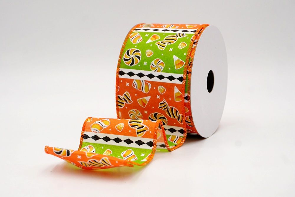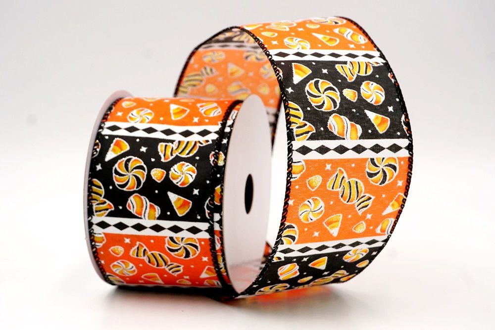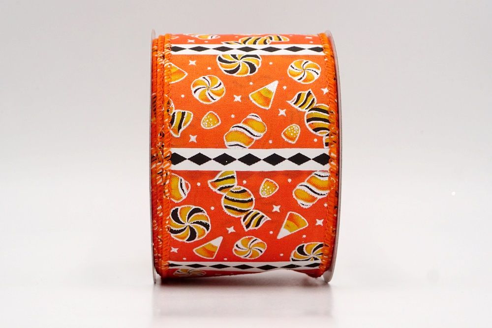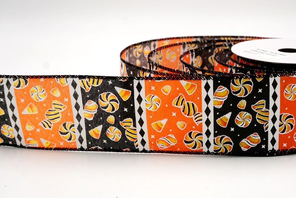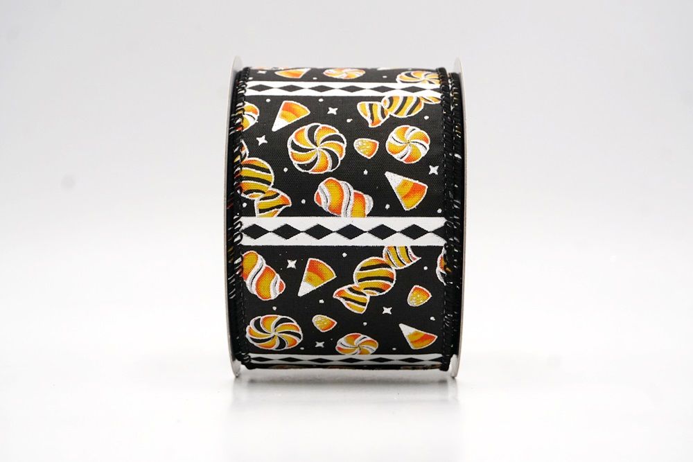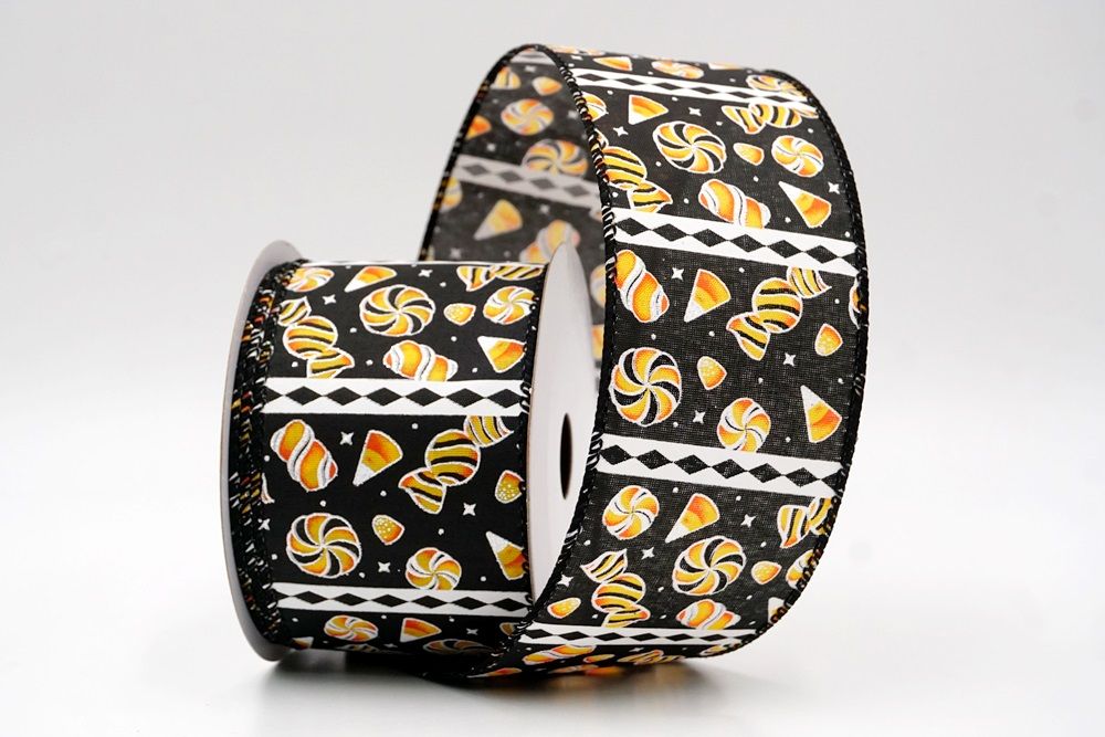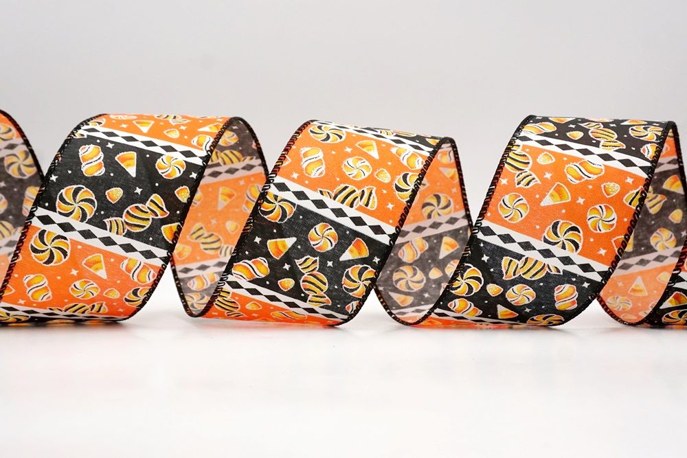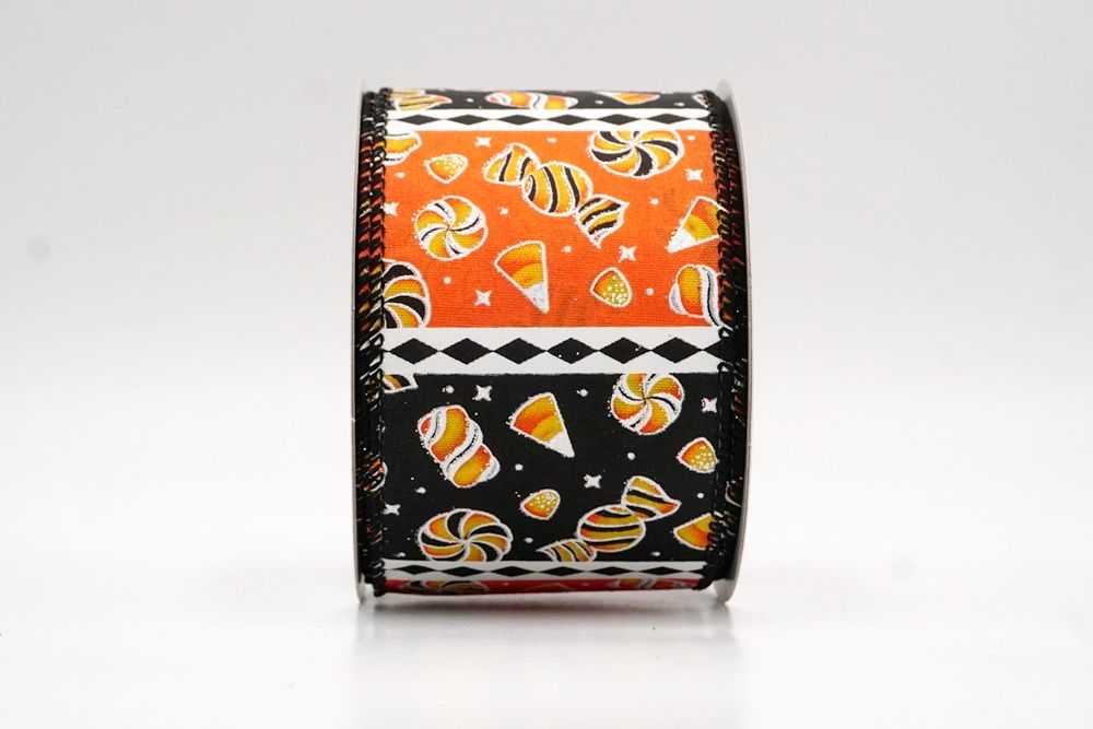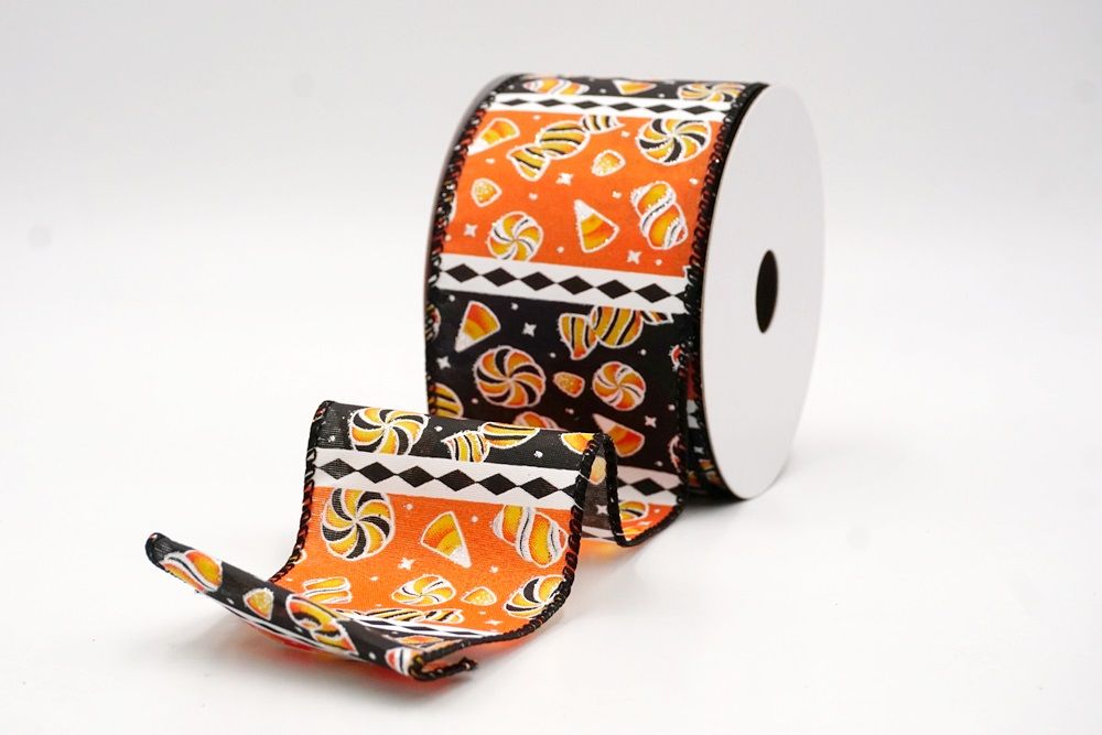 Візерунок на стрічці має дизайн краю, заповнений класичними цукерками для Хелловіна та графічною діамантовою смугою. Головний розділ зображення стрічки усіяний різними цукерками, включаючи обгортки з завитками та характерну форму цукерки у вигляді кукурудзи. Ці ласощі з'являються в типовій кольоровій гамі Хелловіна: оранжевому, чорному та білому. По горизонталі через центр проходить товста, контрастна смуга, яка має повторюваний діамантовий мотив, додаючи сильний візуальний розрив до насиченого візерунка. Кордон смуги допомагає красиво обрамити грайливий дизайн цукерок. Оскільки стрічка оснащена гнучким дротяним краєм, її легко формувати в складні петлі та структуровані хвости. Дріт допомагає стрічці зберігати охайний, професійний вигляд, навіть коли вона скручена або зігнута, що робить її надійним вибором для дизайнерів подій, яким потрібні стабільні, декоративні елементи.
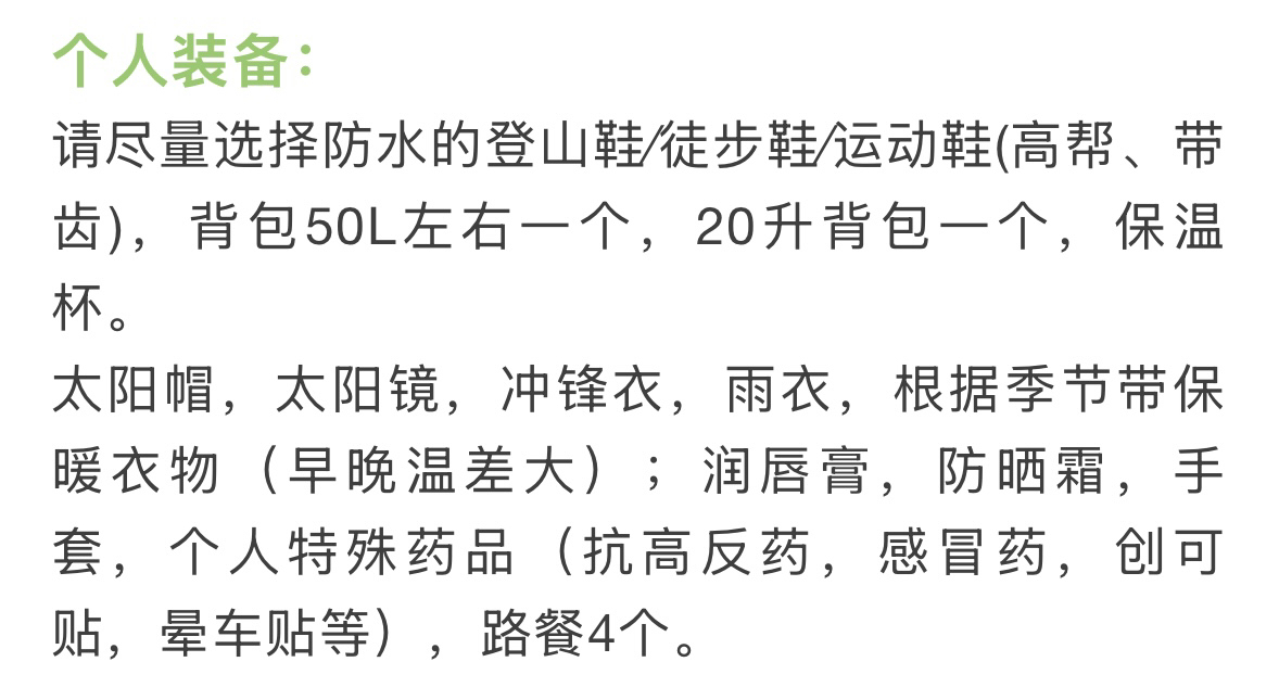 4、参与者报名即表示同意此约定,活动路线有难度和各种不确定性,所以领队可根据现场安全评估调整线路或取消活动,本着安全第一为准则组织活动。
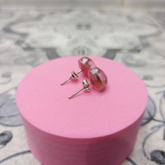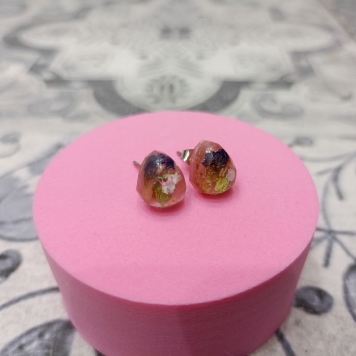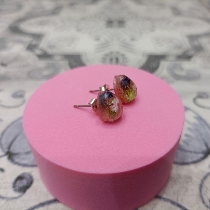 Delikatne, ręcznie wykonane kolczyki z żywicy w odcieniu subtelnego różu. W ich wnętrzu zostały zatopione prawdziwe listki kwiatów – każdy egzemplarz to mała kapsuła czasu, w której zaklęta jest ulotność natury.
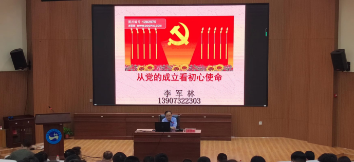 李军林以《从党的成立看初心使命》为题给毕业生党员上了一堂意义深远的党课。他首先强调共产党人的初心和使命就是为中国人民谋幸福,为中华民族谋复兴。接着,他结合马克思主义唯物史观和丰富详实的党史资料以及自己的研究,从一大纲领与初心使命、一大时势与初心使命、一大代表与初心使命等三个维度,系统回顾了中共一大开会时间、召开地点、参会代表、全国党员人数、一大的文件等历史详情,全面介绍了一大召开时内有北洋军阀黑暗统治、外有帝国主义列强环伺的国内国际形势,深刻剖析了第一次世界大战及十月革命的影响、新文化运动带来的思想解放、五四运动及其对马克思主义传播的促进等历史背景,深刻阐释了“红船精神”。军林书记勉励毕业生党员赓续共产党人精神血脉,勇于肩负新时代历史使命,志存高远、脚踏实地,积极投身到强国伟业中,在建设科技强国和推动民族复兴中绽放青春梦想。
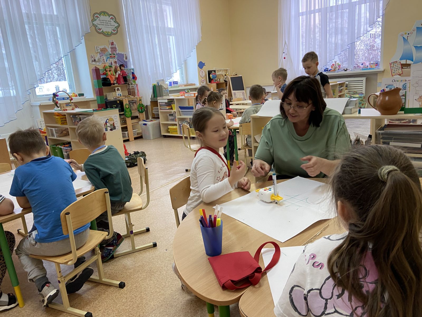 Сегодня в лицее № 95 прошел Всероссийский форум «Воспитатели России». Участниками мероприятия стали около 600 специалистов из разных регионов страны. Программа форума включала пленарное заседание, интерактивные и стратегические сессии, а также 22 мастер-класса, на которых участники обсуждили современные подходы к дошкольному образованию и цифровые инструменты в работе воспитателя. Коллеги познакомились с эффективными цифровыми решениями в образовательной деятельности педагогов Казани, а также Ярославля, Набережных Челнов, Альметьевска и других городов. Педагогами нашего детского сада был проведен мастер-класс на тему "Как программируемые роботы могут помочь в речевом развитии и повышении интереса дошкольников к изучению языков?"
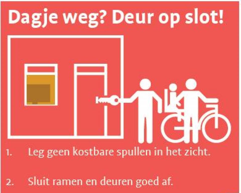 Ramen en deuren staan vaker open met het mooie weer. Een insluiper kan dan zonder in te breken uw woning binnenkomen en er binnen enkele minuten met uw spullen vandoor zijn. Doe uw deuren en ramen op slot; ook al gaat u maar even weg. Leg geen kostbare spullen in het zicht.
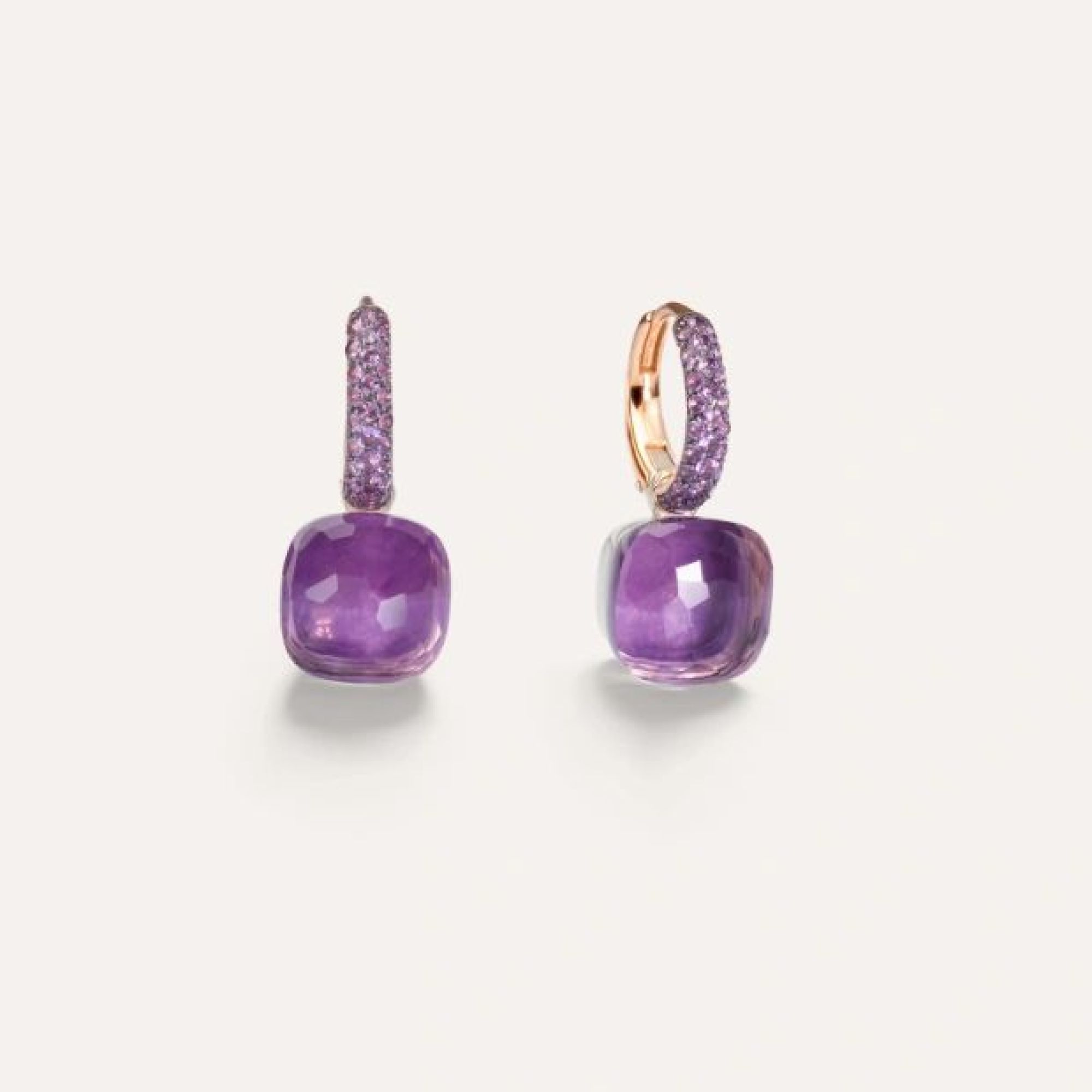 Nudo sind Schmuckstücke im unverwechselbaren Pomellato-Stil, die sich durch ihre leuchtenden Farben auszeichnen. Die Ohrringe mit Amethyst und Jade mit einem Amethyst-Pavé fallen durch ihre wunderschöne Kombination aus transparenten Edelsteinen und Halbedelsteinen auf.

• _Assignment_:
Word for word, restate the lines from the first line of the material through the line containing "李军林以《从党的成立看初心使", with the pictures left out.

• _Solution_:
 Візерунок на стрічці має дизайн краю, заповнений класичними цукерками для Хелловіна та графічною діамантовою смугою. Головний розділ зображення стрічки усіяний різними цукерками, включаючи обгортки з завитками та характерну форму цукерки у вигляді кукурудзи. Ці ласощі з'являються в типовій кольоровій гамі Хелловіна: оранжевому, чорному та білому. По горизонталі через центр проходить товста, контрастна смуга, яка має повторюваний діамантовий мотив, додаючи сильний візуальний розрив до насиченого візерунка. Кордон смуги допомагає красиво обрамити грайливий дизайн цукерок. Оскільки стрічка оснащена гнучким дротяним краєм, її легко формувати в складні петлі та структуровані хвости. Дріт допомагає стрічці зберігати охайний, професійний вигляд, навіть коли вона скручена або зігнута, що робить її надійним вибором для дизайнерів подій, яким потрібні стабільні, декоративні елементи.
 4、参与者报名即表示同意此约定,活动路线有难度和各种不确定性,所以领队可根据现场安全评估调整线路或取消活动,本着安全第一为准则组织活动。
 Delikatne, ręcznie wykonane kolczyki z żywicy w odcieniu subtelnego różu. W ich wnętrzu zostały zatopione prawdziwe listki kwiatów – każdy egzemplarz to mała kapsuła czasu, w której zaklęta jest ulotność natury.
 李军林以《从党的成立看初心使命》为题给毕业生党员上了一堂意义深远的党课。他首先强调共产党人的初心和使命就是为中国人民谋幸福,为中华民族谋复兴。接着,他结合马克思主义唯物史观和丰富详实的党史资料以及自己的研究,从一大纲领与初心使命、一大时势与初心使命、一大代表与初心使命等三个维度,系统回顾了中共一大开会时间、召开地点、参会代表、全国党员人数、一大的文件等历史详情,全面介绍了一大召开时内有北洋军阀黑暗统治、外有帝国主义列强环伺的国内国际形势,深刻剖析了第一次世界大战及十月革命的影响、新文化运动带来的思想解放、五四运动及其对马克思主义传播的促进等历史背景,深刻阐释了“红船精神”。军林书记勉励毕业生党员赓续共产党人精神血脉,勇于肩负新时代历史使命,志存高远、脚踏实地,积极投身到强国伟业中,在建设科技强国和推动民族复兴中绽放青春梦想。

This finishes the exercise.